*THE DATA*:

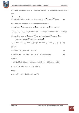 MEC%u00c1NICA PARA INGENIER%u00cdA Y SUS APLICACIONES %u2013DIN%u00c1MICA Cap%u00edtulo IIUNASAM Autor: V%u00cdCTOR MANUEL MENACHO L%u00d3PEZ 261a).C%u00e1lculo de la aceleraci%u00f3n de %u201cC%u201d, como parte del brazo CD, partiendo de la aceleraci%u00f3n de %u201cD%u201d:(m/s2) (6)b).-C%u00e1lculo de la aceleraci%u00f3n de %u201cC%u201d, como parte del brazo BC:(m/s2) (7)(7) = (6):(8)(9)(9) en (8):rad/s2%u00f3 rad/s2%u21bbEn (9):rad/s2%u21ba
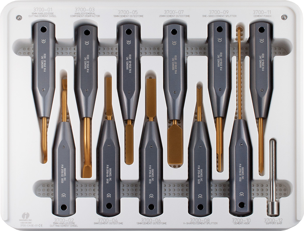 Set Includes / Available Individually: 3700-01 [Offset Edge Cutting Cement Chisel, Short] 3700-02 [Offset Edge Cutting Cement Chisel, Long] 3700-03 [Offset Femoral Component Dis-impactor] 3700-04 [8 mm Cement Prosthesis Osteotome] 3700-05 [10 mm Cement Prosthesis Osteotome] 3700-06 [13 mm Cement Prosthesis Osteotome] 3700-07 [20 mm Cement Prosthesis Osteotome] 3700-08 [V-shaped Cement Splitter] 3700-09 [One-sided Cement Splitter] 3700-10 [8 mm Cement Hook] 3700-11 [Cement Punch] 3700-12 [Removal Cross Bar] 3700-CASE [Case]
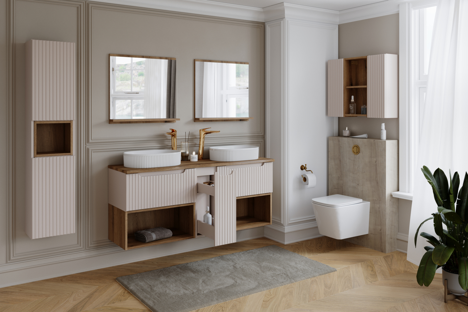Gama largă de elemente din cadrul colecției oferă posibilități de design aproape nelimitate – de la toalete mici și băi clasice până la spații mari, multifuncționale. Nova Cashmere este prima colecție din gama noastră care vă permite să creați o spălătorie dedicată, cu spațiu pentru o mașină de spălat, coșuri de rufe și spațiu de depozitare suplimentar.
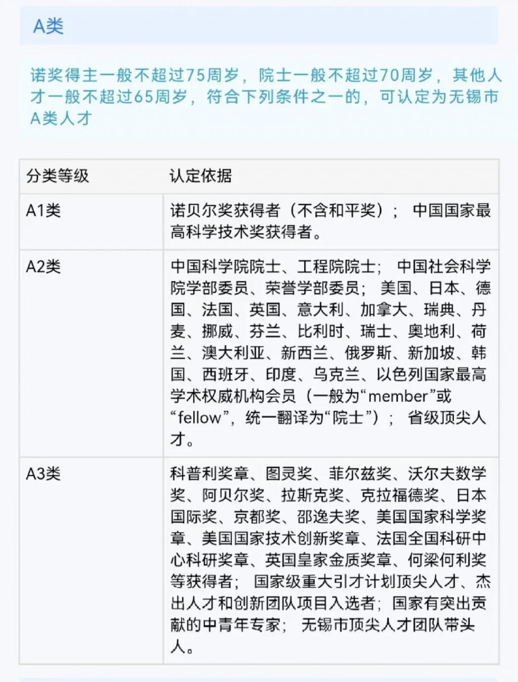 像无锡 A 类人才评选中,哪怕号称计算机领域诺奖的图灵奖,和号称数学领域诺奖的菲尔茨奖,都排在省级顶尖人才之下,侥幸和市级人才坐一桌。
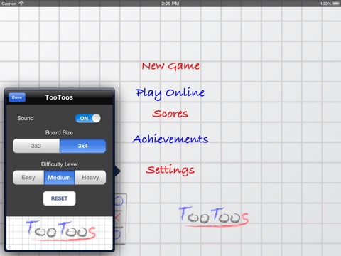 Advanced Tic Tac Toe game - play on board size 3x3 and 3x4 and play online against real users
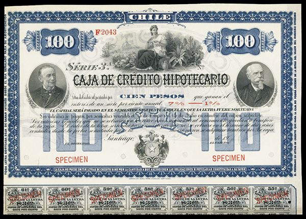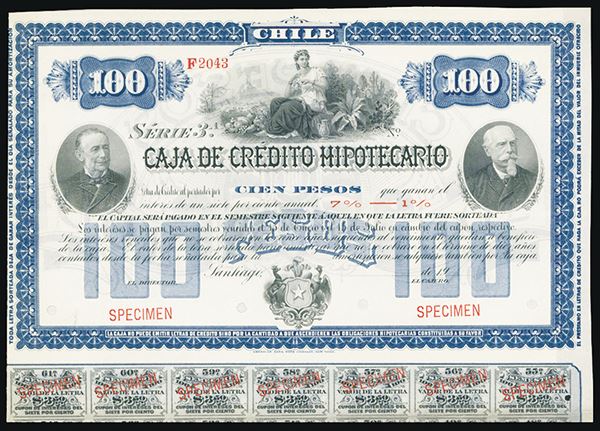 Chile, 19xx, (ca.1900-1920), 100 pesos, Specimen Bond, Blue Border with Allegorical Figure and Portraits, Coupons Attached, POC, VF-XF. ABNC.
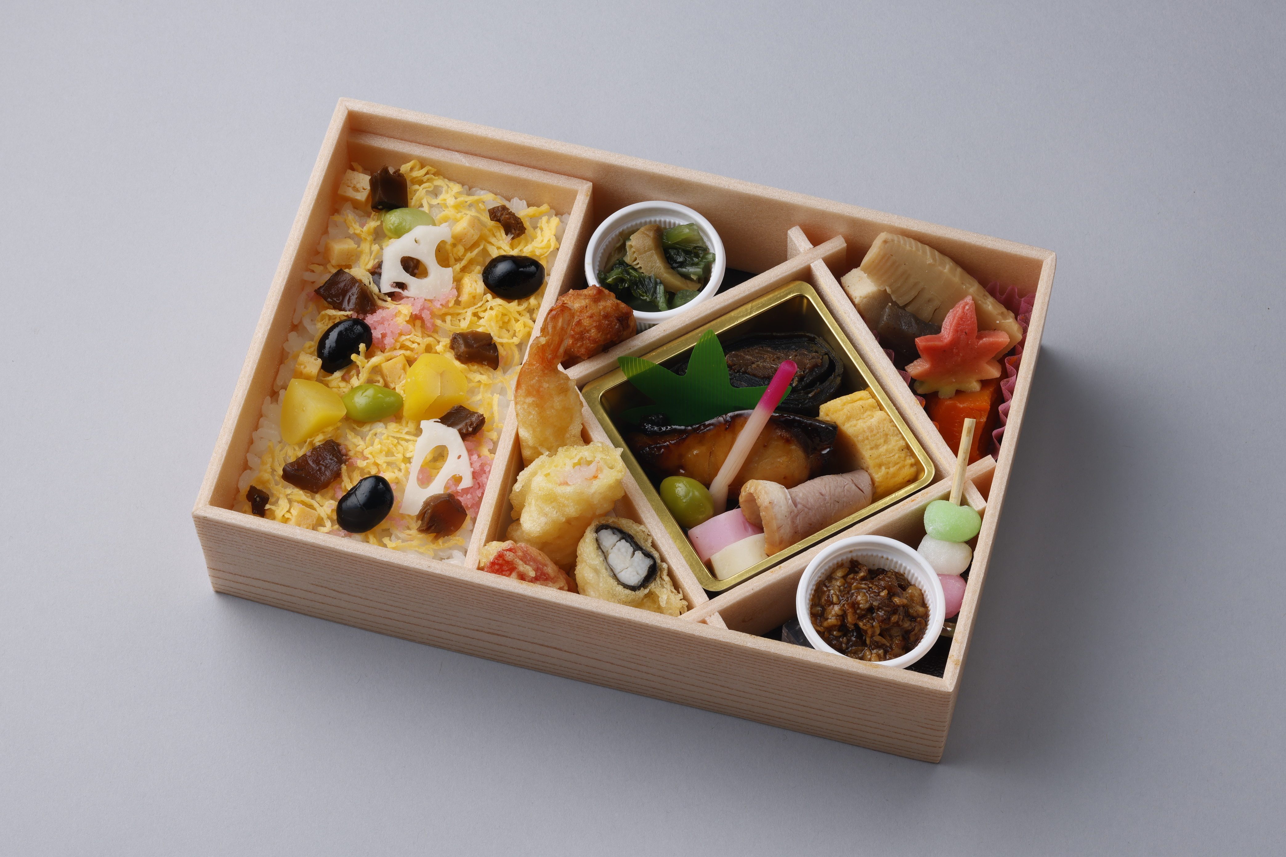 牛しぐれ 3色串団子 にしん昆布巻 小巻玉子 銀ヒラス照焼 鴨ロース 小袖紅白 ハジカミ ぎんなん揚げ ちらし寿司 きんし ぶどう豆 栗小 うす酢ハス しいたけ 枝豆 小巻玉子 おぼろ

*EXERCISE DESCRIPTION*:
The full material above must be output verbatim, minus any pictures.

*TASK OUTPUT*:
 MEC%u00c1NICA PARA INGENIER%u00cdA Y SUS APLICACIONES %u2013DIN%u00c1MICA Cap%u00edtulo IIUNASAM Autor: V%u00cdCTOR MANUEL MENACHO L%u00d3PEZ 261a).C%u00e1lculo de la aceleraci%u00f3n de %u201cC%u201d, como parte del brazo CD, partiendo de la aceleraci%u00f3n de %u201cD%u201d:(m/s2) (6)b).-C%u00e1lculo de la aceleraci%u00f3n de %u201cC%u201d, como parte del brazo BC:(m/s2) (7)(7) = (6):(8)(9)(9) en (8):rad/s2%u00f3 rad/s2%u21bbEn (9):rad/s2%u21ba
 Set Includes / Available Individually: 3700-01 [Offset Edge Cutting Cement Chisel, Short] 3700-02 [Offset Edge Cutting Cement Chisel, Long] 3700-03 [Offset Femoral Component Dis-impactor] 3700-04 [8 mm Cement Prosthesis Osteotome] 3700-05 [10 mm Cement Prosthesis Osteotome] 3700-06 [13 mm Cement Prosthesis Osteotome] 3700-07 [20 mm Cement Prosthesis Osteotome] 3700-08 [V-shaped Cement Splitter] 3700-09 [One-sided Cement Splitter] 3700-10 [8 mm Cement Hook] 3700-11 [Cement Punch] 3700-12 [Removal Cross Bar] 3700-CASE [Case]
Gama largă de elemente din cadrul colecției oferă posibilități de design aproape nelimitate – de la toalete mici și băi clasice până la spații mari, multifuncționale. Nova Cashmere este prima colecție din gama noastră care vă permite să creați o spălătorie dedicată, cu spațiu pentru o mașină de spălat, coșuri de rufe și spațiu de depozitare suplimentar.
 像无锡 A 类人才评选中,哪怕号称计算机领域诺奖的图灵奖,和号称数学领域诺奖的菲尔茨奖,都排在省级顶尖人才之下,侥幸和市级人才坐一桌。
 Advanced Tic Tac Toe game - play on board size 3x3 and 3x4 and play online against real users
 Chile, 19xx, (ca.1900-1920), 100 pesos, Specimen Bond, Blue Border with Allegorical Figure and Portraits, Coupons Attached, POC, VF-XF. ABNC.
 牛しぐれ 3色串団子 にしん昆布巻 小巻玉子 銀ヒラス照焼 鴨ロース 小袖紅白 ハジカミ ぎんなん揚げ ちらし寿司 きんし ぶどう豆 栗小 うす酢ハス しいたけ 枝豆 小巻玉子 おぼろ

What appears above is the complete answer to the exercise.